Witnessing acts of kindness makes us more likely to do the same for others.
In fact, when we witness an act of kindness, our body and mind seem to interpret what we’re seeing as if we were actually experiencing it ourselves.
And these acts of kindness, whether direct or indirect, have some pretty significant benefits.
Being kind to others has some life-changing perks for us
Kindness has been shown to increase our self-esteem as well as improving empathy and compassion. It’s also been shown to improve mood and decrease the stress hormone cortisol – thereby reducing stress levels.
Kindness increases our sense of connection with others. And this tends to reduce loneliness and depression.
Physiologically, kindness can lead to very real changes in the brain and body.

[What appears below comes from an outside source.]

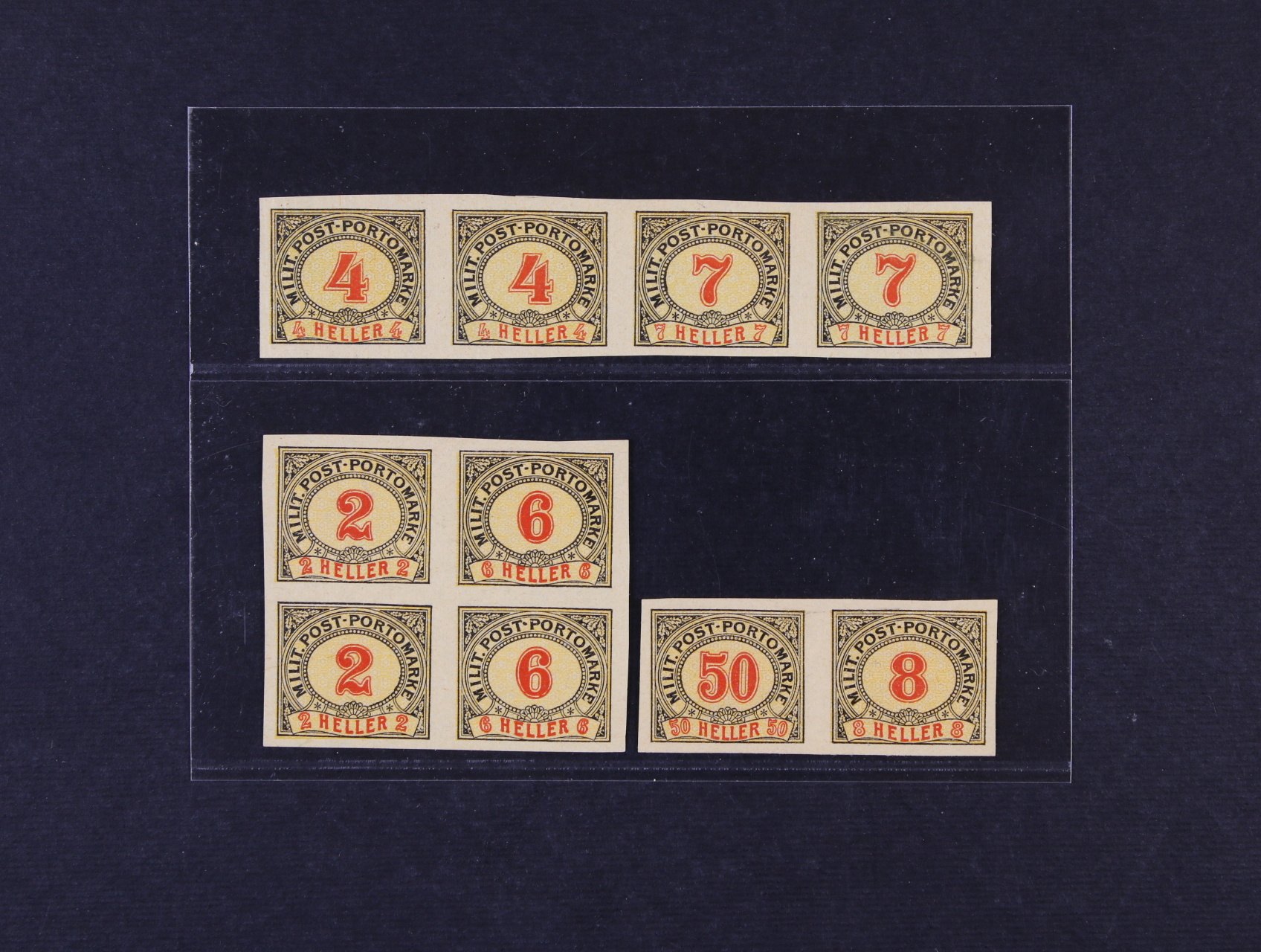 zn. ANK. č. P2, P4, P6, P7, P8, P12, Doplatní - tzv. MINISTERSKÉ SOUTISKY 2+6+2+6h, 4+4+7+7h, 50+8h; bezvadné, vydáno na papíru bez lepu, ex Wiener Postarchiv , kat. min. 450 EUR

Kindness lowers blood pressure and boosts serotonin and dopamine. These are the feel good hormones that give us feelings of contentment and well-being. Endorphins can also be released, which act as the body’s natural pain killer.
Studies have found that people who practice kindness regularly tend to be healthier and live longer. No doubt due to some of the above benefits.
Looking for ways to show kindness can give your life a sense of meaning, purpose, and connection.
And through kindness, we’re building better selves, and better communities at the same time.
Greek storyteller Aesop once said, “No act of kindness, no matter how small, is ever wasted.”
Try this fun (and heartwarming) kindness experiment…
So if you are interested in trying an experiment to bring this into your own life, I invite you to try a little challenge.
See if you can do one small, kind thing each day this week for someone. It could be something really simple like bringing a co-worker a cup of tea, paying for a stranger’s coffee, making a space for someone in traffic or a warm smile at someone who looks like they had a hard day.
Then, be attentive to the effect the kind act has on YOU.
Does it brighten your mood? Do you feel more connected to others? Does it give you a sense of meaning?
Try it first hand and see if you discover that boomerang effect of kindness – and how being kind to others is a kindness to ourselves.
As James Matthew Barrie once said “Those who bring sunshine to the lives of others cannot keep it from themselves.”